Unnamed: 0,Area,Count
5,Greensborough,46
7,Melbourne,47
11,Richmond,53
4,Glen Waverley,55
8,Moonee Ponds,55
13,St Kilda,59
12,Sandringham,60
3,Footscray,61
9,Nunawading,63
2,Coburg,66


In [90]:
df[['Area','Density']]

Unnamed: 0,Area,Density
0,St Kilda,5466
1,Richmond,5041
2,Melbourne,4550
3,Malvern,4530
4,Caulfield North,3977
5,Coburg,3567
6,Preston,3022
7,Camberwell,3013
8,Footscray,2927
9,Sandringham,2841


<h2> 4. Conclusion

Based on the analysis above, we can conclude that Melbourne, Richmond and St Kilda would be the best areas to open a cafe in due to the high density of its population and the fact that there are not that many cafes/restaurants yet in those areas compared to other areas.
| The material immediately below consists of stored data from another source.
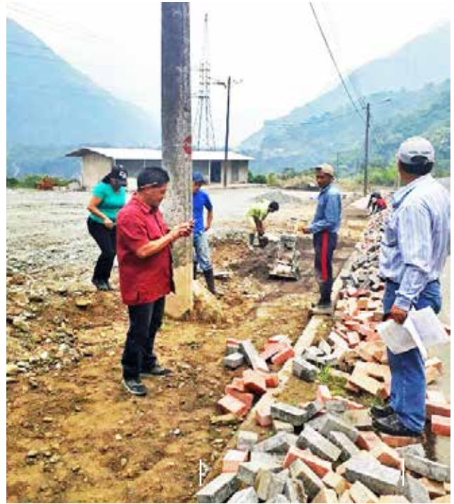
Adoquinado de veredas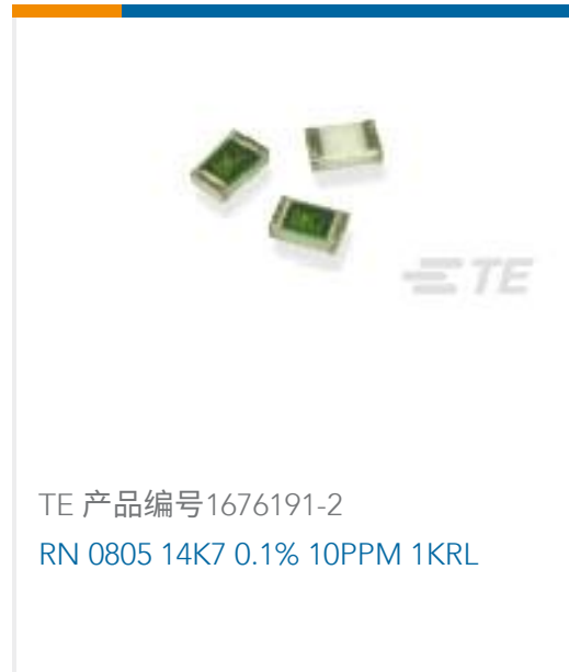
TE 产品编号1676191-2 RN 0805 14K7 0.1% 10PPM 1KRL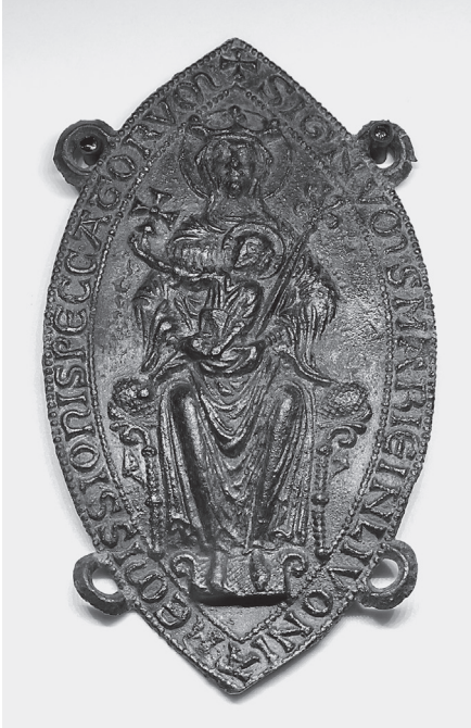
Wismarist leitud Liivimaa/Riia palverännumärk, 13. saj II p.

(Rootsi), Lübeckist, Kielist ja Wismarist 12 ning Liivimaal Kuldīgast. 13 Märk on väga sarnane Rocamadouri palverännumärgiga ja kujundatud ilmselt viimase eeskujust lähtuvalt. Majusklite kasutamine osutab, et märk pärineb 13. sajandi teisest või 14. sajandi esimesest poolest. Ehkki pealiskirjas mainitakse üksnes Liivimaad ja mitte Riia, on uurijad arvamusel, et seda jagati Riia kirikuid, eeskätt toomkirikut külastanud palveränduritele. 14 Kui Liivimaa ristiusustamise esimestel sajanditel võis selline üldine märk osutada Maarjamaa „reklaamimiseks“ piisavaks, siis Tallinna leiud viitavad, et hiliskeskajaks oli olukord muutunud.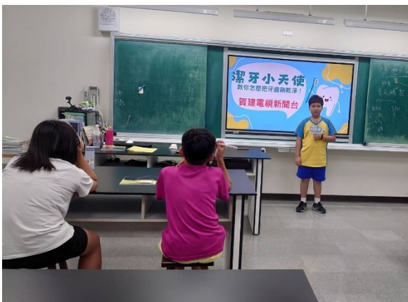
潔牙比賽表現優異之學生，於班會時間利用訪問宣導的方式，讓學生進行平時良好潔牙習慣之宣導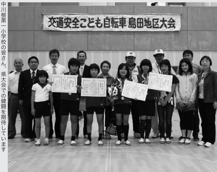
中川根第一小学校の皆さん、県大会での健闘を期待しています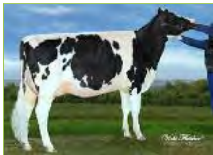
Stepido CROCKIE Dundee TB-86-CAN 2Y Demi-soeur de OUCH EPIDO

Pierre : 06 63 22 03 52 - Paul 06 71 67 65 37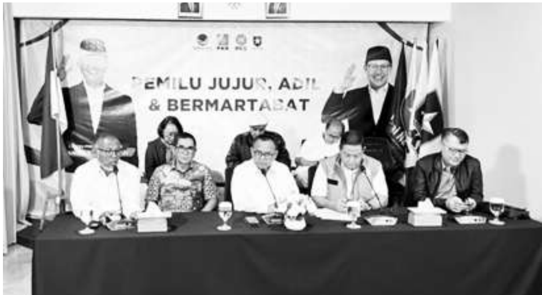
阿尼斯-穆海敏胜选团队要将选举舞弊数据通过宪法法院提出诉讼。

【本报讯】第一序号正副总统候选人阿尼斯-穆海敏国家获胜团队认为,普选委的统计系统中的数据出现的违规行为,是2024年总统选举舞弊的证据。阿尼斯-穆海敏国家获胜团队表示,如果向宪法法院提出诉讼会将提供这些证据。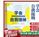
学会自我接纳 帮助孩子超越自卑 走向自信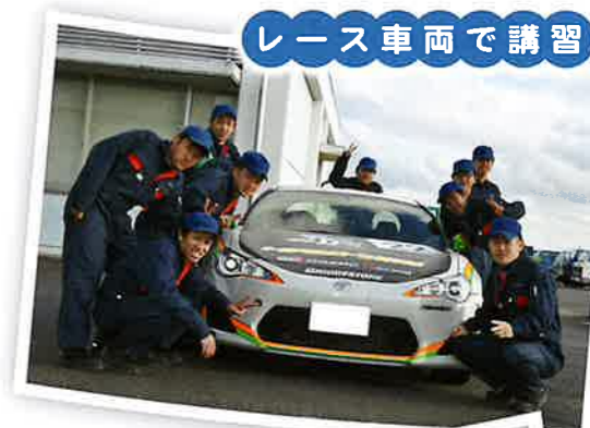
レース車両で講習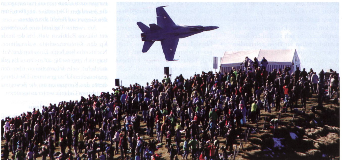
Ein F/A-18 zieht majestätisch über das Publikum hinweg – gemäss Fotograf Knuchel in einer Distanz von 150–200 Metern.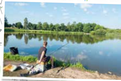
Port des Grenouilles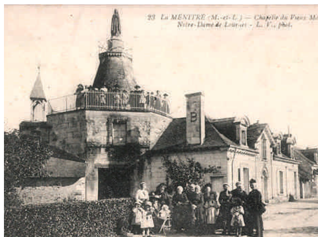
Le moulin de la Vierge dans les années 20

C'est alors qu'une association locale existante, qui depuis a pris le nom de « ASSOCIATION MOULIN et CULTURE DE LA VALLÉE » s'est vue confiée la propriété de ce site. Après étude et concertation, les responsables décidèrent d'entreprendre la réhabilitation de ce bâtiment. Une première tranche de travaux comprenant notamment la rénovation des façades et la réfection de l'escalier extérieur fut réalisée en 2013. La logique veut que le projet soit mené à son terme. C'est la raison pour laquelle l'association envisage désormais la réfection et l'aménagement des deux salles avec si possible une reproduction des peintures murales sur les voûtes de la chapelle.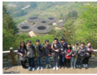
▲ 從高處俯瞰南靖田螺坑土樓群「四菜一湯」的形勢。

為加深同學對國家文化及內地升學與就業的認識，學校為中四全級同學舉辦《閩南文化考察與內地升學體驗之旅》。同學參觀華僑大學，了解國內大學收生要求、科系、費用及就業前景等，為前途作較全面的規劃。同學參觀田螺坑土樓，從歷史角度認識土樓文化遺產，加深對福建本土歷史文化的認識，更可從藝術角度欣賞土樓建築藝術風格。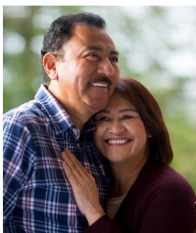
Asistencia Funeral 360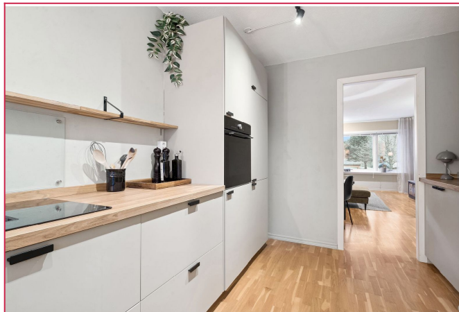
Kjøkkenet er utstyrt med integrerte hvitevarer som platetopp, stekeovn, oppvaskmaskin og kombiskap.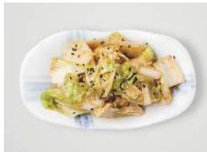
KIM CHI 4.40

korealaista mausteista kaalisalaattia, seesamin siemeniä / spicy korean cabbage, sesame seeds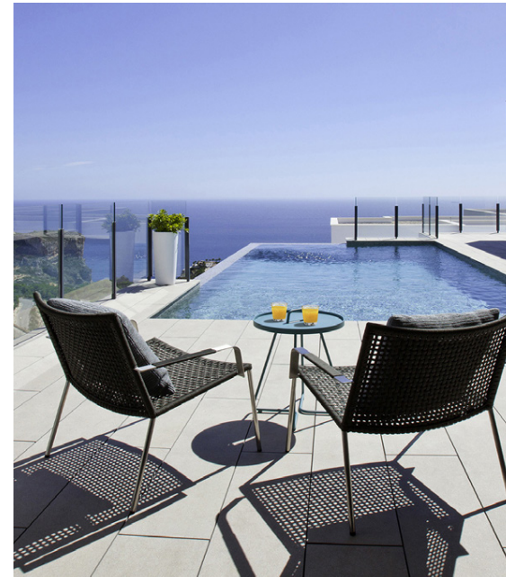
Paradís í sól. Hver gæti ekki hugsað sér að sitja þarna?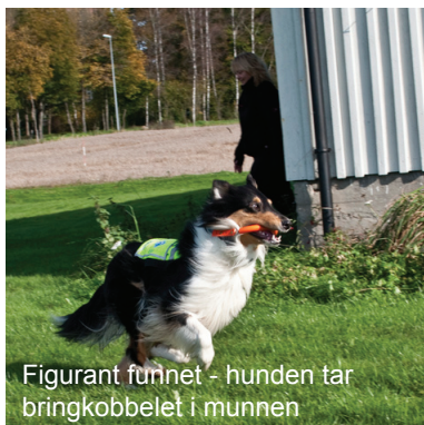
Figurant funnet - hunden tar bringkobbet i munnen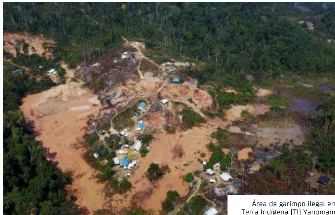
Área de garimpo ilegal em Terra Indígena (TI) Yanomami

A pesquisa revelou que mais de 20% dos peixes vendidos nos 17 centros urbanos visitados possuem níveis de mercúrio superiores aos limites seguros estabelecidos pela Organização para Alimentação e Agricultura das Nações Unidas (FAO/OMS) e pela Agência de Vigilância Sanitária brasileira (ANVISA).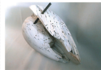
「夏の記憶」 上原 佳代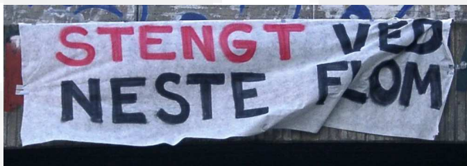
Banner i Sagdalen før cupkampen i 2005.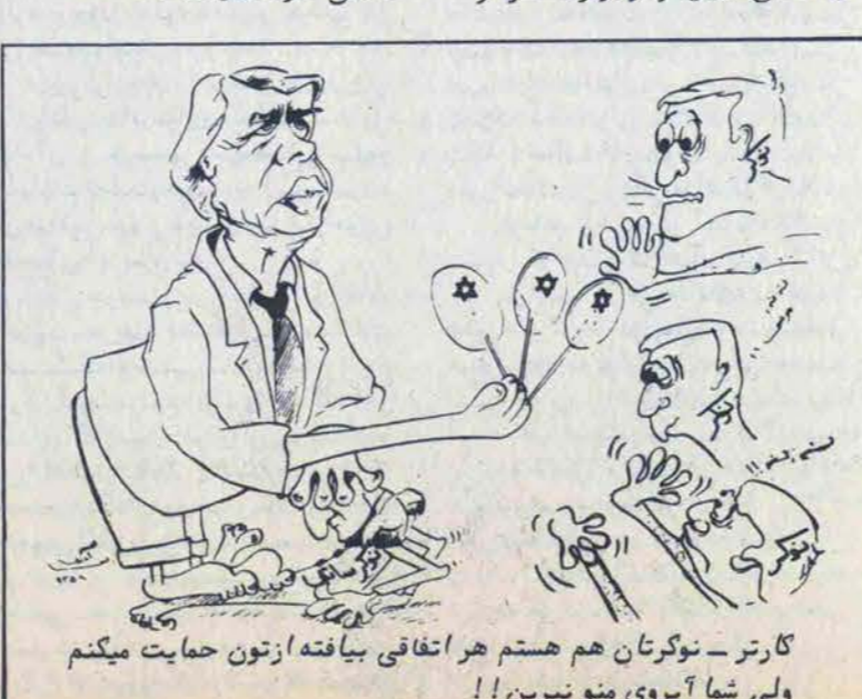
گارت - نوگرتان هم هستیم هر اتفاقی بیافته از تون حمایت میکنم ولی شما آبروی منو نبرین!!

گراگان - خبرگزاری پارس - دادستان کل انقلاب اسلامی استان مازندران از کلیه کشاورزان، کارگران کشاورزی و دیگر افراد ساکن روستا - های شهرستانهای گراگان و گنبد خواست که از تصرف تجاوز بازاری دولتی و ملی و دیگران قویا خود - داری کنند زیرا دخل و تصرف در اراضی دیگران مغایر اصول اسلامی و خلاف قانون و شئون انسانی است و متجاوزین شدیداً مجازات خواهند شد. سید مهدی طباطبائی که در گردهمایی بیش از دوهزار نفر از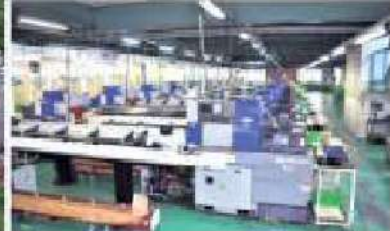
自動棒材供給機付精密自動旋盤(76台)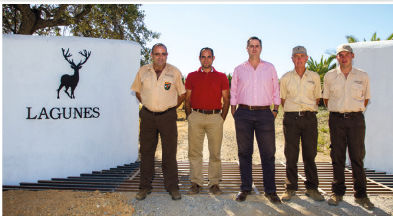
Equipo gestor con la guardería de Lagunes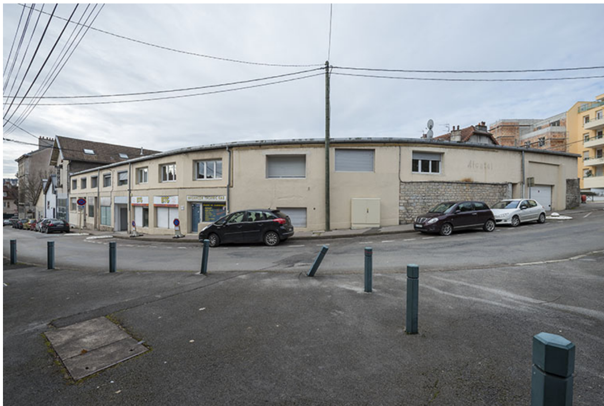
Partie nord des ateliers, dans le haut de la rue. 25, Besançon, 5-7 rue du Château-Rose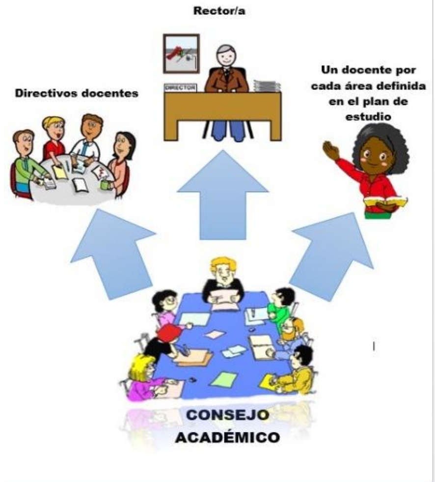
Ilustración 4. Ilustración 2. Proyecto Democracia 2021.IEHAG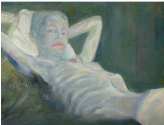
Nous ne sommes définitivement pas les derniers Huile sur toile, 50 x 65 cm © Franck Leviski

Les amis du jardin d'hélys | 05 53 52 78 78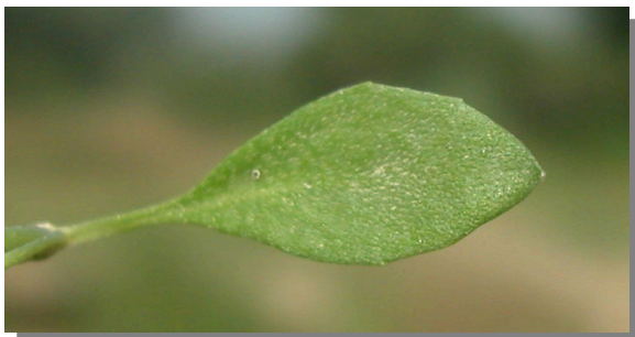
P. filiformis . Detalle de la hoja: haz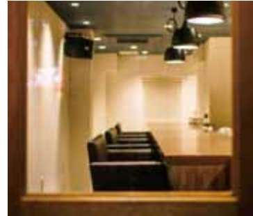
■ ドアの窓から 店内の賑わいがガラス窓を通して伝わる

Further analysis and criteria could be used to improve this report. For example, the demography of the population could also determine the profitability of a cafe (e.g. older generation might not prefer brunch). Additionally, the economic condition of the population could also be a factor of whether an area would be a good location to open a cafe.